The 319 were the Apple news stories in my RSS newsreader. And right now there are 1,179 articles about Apple. That’s quite a lot of stories and I would like to tell you about them, except I still won’t read them.
I may never read them. You can be sure that a gigantic majority are to do with the launch of the iPhone 6 and whatever else Apple may or may not release tomorrow.
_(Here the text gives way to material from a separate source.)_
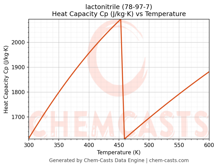 - Specific heat capacity (Cp) indicates the amount of energy required to raise the temperature of lactonitrile and is critical for energy balance and heat-exchanger design.

I’ve been staying away from the firehose of news because most of it is wrong, much of it is clickbait emptiness as well as wrong, and you end up being convinced that Apple will announce the discovery of alien life.
After tomorrow’s event, there will be many more stories and I might read some of those. But these 1,179 are dead to me.
All of which is a long way of saying that a lot gets written about Apple, that a lot gets read about Apple by me and that is KILLINGLY DIFFICULT to ignore 1,179 articles.
Apple is streaming its event live on apple.com from 6pm UK time tomorrow, Tuesday. I’ve skipped the articles but I’ll be watching the event. If you enjoy these as much as I do, please write in and explain what I get out of them.
Apple campus: less a spaceship, more Moonbase Alpha
That’s what I thought at the top of this video, a flyby of a drone over the new Apple office buildings currently under construction.
And I would like to say now that no, I haven’t gone back on my word to not read Apple news stories – see The 319 News Stories I Won’t Read and, incidentally, the total a few days on is 947. I came across this while looking for productivity videos for you to watch.